Steer clear of short-selling
Growth investing is a less-risky strategy. A leading AI-powered learning platform has a long runway for massive growth. Docebo (TSX:DCBO)(NASDAQ:DCBO) is one of the TSX’s hottest tech stocks, gaining significant investor attention.
Docebo’s share price was only $16.57 a year ago. In 2020, the tech stock’s total return was 387%. Had you invested $50,000 on December 31, 2019, your capital would be worth $209,505.59 today since the price is more than $71. The $2.33 billion cloud-based Software-as-a-Service (Saas) learning platform received several recognitions and accolades last year.

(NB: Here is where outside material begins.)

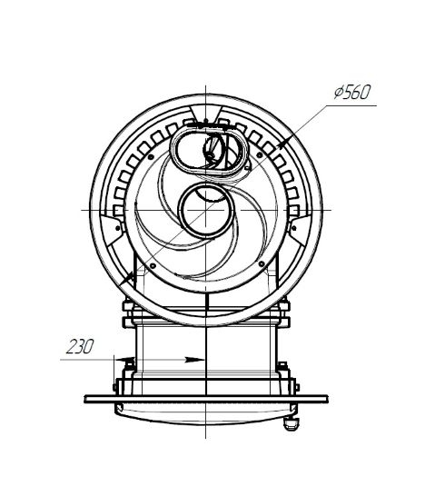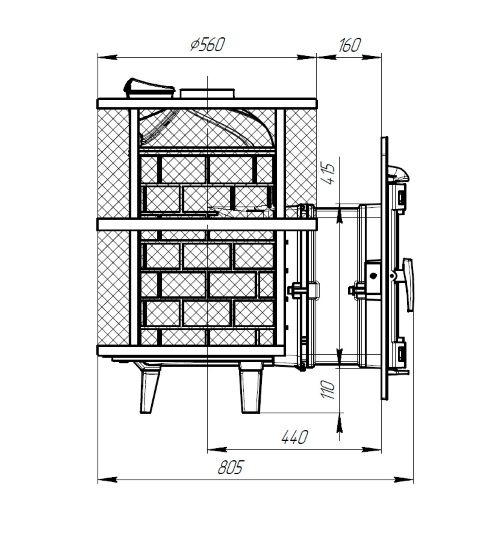 - Печь расположена на четырех высоких ножках, что способствует вентиляции печи снизу и удобству монтажа.
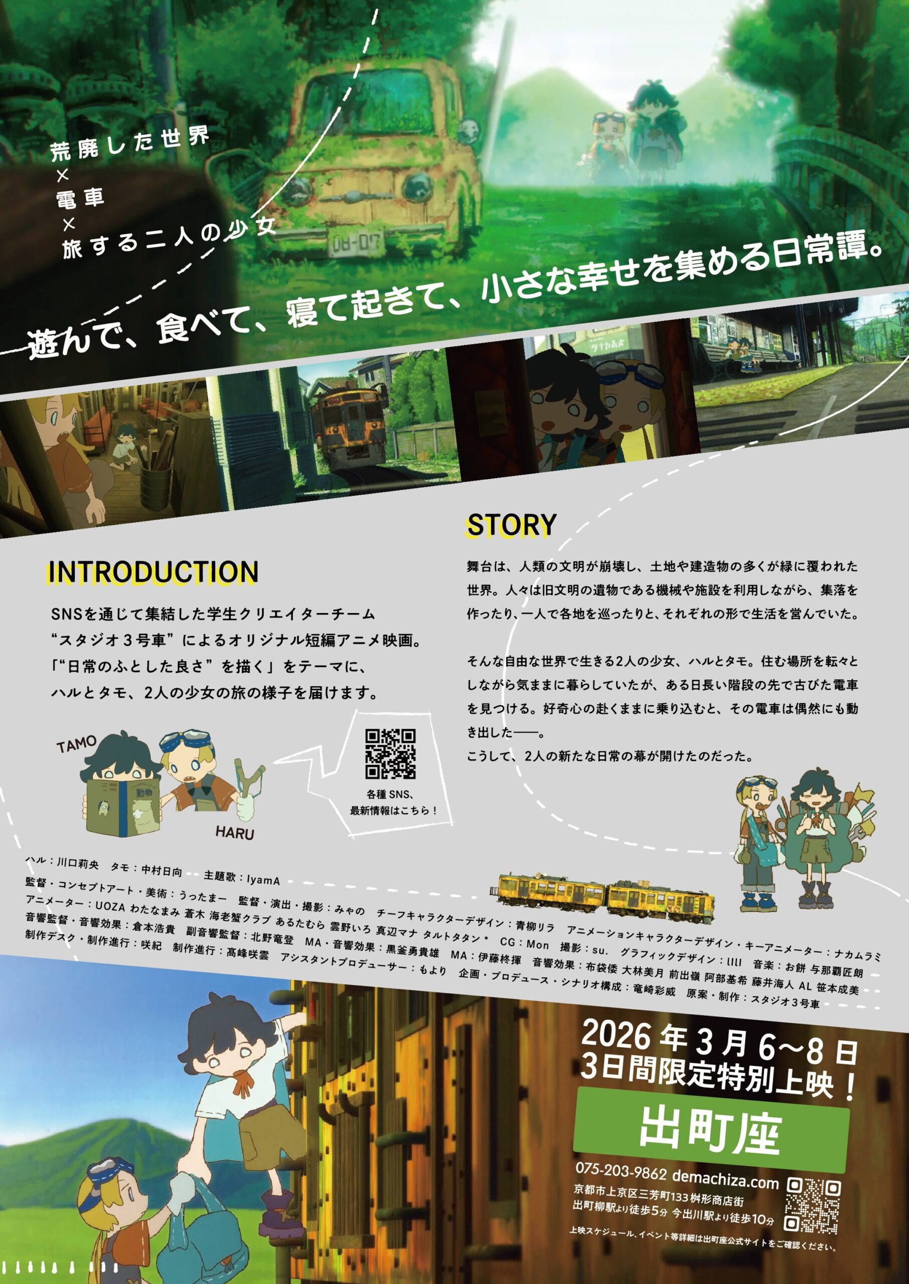 本作のためにSNSを通じて集結した総勢35名の学生クリエイター集団 “スタジオ3号車” による電車に乗って荒廃した世界を旅する2人の少女の日々を描く日常譚。

In Deloitte’s Enterprise Fast 15 program, Docebo was among the Technology Fast 50™ and Technology Fast 500™ awardees. The company counts as one of Canada’s fastest-growing technology companies. Apart from its high revenue-growth percentage over the last four years, Docebo owns an innovative proprietary technology and disrupts the tech industry.
Docebo provides an easy-to-use, highly configurable learning platform with end-to-end capabilities. The platform enables enterprises to apply new technologies to the traditional corporate learning management system (LMS). Analysts expect the global LMS market to grow at a 20.6% compound annual growth rate (CAGR) clip from 2021 to 2026.
The miracle of compounding is absent in the risky short-selling strategy. Similarly, losses could far exceed the limited profit. It’s better to invest in companies with visible growth potentials.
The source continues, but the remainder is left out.